Examples of suitable aqueous and nonaqueous carriers which may be employed in the pharmaceutical compositions of the invention include water, ethanol, polyols (such as glycerol, propylene glycol, polyethylene glycol, and the like), and suitable mixtures thereof, vegetable oils, such as olive oil, and injectable organic esters, such as ethyl oleate. Proper fluidity can be maintained, for example, by the use of coating materials, such as lecithin, by the maintenance of the required particle size in the case of dispersions, and by the use of surfactants.
Therapeutic Methods
Provided herein are methods and compositions related to treating and/or preventing sleep disorders and for improving sleep quality in a subject by administering to the subject (e.g., orally administering to the subject) a composition comprising a compound of Formula I or Formula II (e.g., nicotinamide riboside), and/or a compound of Formula III (e.g., pterostilbene). The subject may be male or female. In some embodiments, the subject is an adult (i.e., 18 years of age or older). The subject may be pediatric (i.e., less than 18 years of age). In some embodiments, the subject is a mammal, preferably, a human.
In certain aspects, the methods and compositions provided herein relate to improving sleep health and the quality of sleep in a subject in a subject by administering to the subject (e.g., orally administering to the subject) a composition comprising a compound of Formula I or Formula II (e.g., nicotinamide riboside) and/or a compound of Formula III (e.g., pterostilbene). Sleep quality may refer to the "restfulness" of sleep (i.e., how rested an individual feels during waking hours). Sleep quality may refer to the quantity of sleep. Good sleep quality is associated with a wide range of positive outcomes such as better health, less daytime sleepiness, greater well-being and better psychological functioning. In some embodiments, a subject has a score of 1, 2, or 3 on the Pittsburgh Sleep Quality Index (PSQI). Further details on the PSQI may be found at Buysse,D. J., Reynolds,C.F.,
Monk,T.H., Berman,S.R., & Kupfer,D.J. (1989). The Pittsburgh Sleep Quality Index (PSQI): A new instrument for psychiatric research and practice. Psychiatry Research,
28(2), 193-213, incorporated herein by reference in its entirety. In some embodiments, the subject has trouble falling asleep. In some embodiments, the subject has trouble staying asleep. In some embodiments, the subject wakes in the morning at an hour that would disrupt a normal sleep cycle or otherwise affect sleep quality.
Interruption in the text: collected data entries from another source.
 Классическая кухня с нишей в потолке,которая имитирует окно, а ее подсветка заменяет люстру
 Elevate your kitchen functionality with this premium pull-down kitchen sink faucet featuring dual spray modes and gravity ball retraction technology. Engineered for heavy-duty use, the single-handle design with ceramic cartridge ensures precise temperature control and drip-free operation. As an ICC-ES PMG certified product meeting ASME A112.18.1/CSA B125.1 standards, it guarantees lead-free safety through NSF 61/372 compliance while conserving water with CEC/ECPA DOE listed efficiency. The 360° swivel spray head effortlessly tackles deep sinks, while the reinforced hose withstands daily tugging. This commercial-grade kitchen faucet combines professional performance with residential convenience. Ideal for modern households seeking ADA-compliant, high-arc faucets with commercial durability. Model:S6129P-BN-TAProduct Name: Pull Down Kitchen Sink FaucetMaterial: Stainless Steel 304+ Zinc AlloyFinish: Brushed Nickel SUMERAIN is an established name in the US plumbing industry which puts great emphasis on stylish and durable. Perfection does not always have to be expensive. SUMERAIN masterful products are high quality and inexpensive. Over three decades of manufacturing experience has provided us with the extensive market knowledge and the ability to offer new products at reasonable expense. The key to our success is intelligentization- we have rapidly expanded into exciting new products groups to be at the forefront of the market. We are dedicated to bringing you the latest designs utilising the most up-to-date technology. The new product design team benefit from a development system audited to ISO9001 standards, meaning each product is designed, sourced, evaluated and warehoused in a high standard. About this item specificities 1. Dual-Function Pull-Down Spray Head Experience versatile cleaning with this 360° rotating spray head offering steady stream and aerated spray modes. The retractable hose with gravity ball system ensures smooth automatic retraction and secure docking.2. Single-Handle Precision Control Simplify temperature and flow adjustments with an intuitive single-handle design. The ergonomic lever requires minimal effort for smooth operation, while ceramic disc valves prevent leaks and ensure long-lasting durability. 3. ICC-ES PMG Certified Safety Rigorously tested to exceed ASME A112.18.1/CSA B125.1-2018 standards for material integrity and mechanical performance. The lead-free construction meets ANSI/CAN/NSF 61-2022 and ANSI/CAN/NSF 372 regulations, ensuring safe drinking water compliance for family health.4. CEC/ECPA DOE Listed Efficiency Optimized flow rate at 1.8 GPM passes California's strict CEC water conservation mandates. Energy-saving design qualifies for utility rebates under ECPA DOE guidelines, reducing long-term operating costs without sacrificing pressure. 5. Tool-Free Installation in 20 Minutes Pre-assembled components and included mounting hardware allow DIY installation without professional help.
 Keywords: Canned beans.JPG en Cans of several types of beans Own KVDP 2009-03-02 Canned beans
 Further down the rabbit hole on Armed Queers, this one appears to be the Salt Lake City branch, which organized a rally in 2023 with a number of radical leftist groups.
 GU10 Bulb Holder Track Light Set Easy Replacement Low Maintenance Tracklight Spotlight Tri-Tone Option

In some aspects, provided herein are methods of stimulating REM sleep in need thereof, comprising administering to the subject a composition comprising of Formula I or Formula II (e.g., nicotinamide riboside) and/or a compound of Formula III (e.g., pterostilbene). Rapid eye movement sleep (REM sleep) is a unique phase of sleep characterized by rapid movement of the eyes, low muscle tone throughout the body, and the propensity of the sleeper to dream vividly. In some embodiments, the compositions and methods disclosed herein increase the total amount of time a subject is in REM sleep per sleep session (e.g., the total amount of time in REM per night). In some embodiments, the compositions and methods disclosed herein increase the amount of time a subject is in REM sleep per sleep cycle. Sleep progresses in a series of four or five more or less regular sleep cycles of non-REM and REM sleep throughout the night. The first sleep cycle is typically around 90 minutes in length, with the succeeding cycles averaging around 100-120 minutes, although some individuals may have longer or shorter average cycles. Each cycle follows the stages of non-REM sleep (stage 1 - stage 2 - stage 3) and then, after a period in deep stage 3 slow-wave sleep, back through the stages (stage 3 - stage 2 - stage 1). Then, instead of waking, the sleeper may enter a short period of REM sleep, before going back through non-REM stages in a new cycle. As the night progresses, the time spent in deep stage 3 sleep decreases and the time spent in REM sleep increases, so that there is a greater proportion of stage 3 sleep earlier in the night, and a greater proportion of REM sleep later in the night, particularly during the final two sleep cycles. As used herein, stimulating REM or increasing REM may refer to increasing the time a subject stays in REM sleep per sleep cycle or the total amount of time a subject is sleeping per day.
In certain aspects, the methods and compositions provided herein relate to the treatment and/or prevention of sleep disorders in a subject by administering to the subject (e.g., orally administering to the subject) a composition comprising a compound of Formula I or Formula II (e.g., nicotinamide riboside) and/or a compound of Formula III (e.g., pterostilbene).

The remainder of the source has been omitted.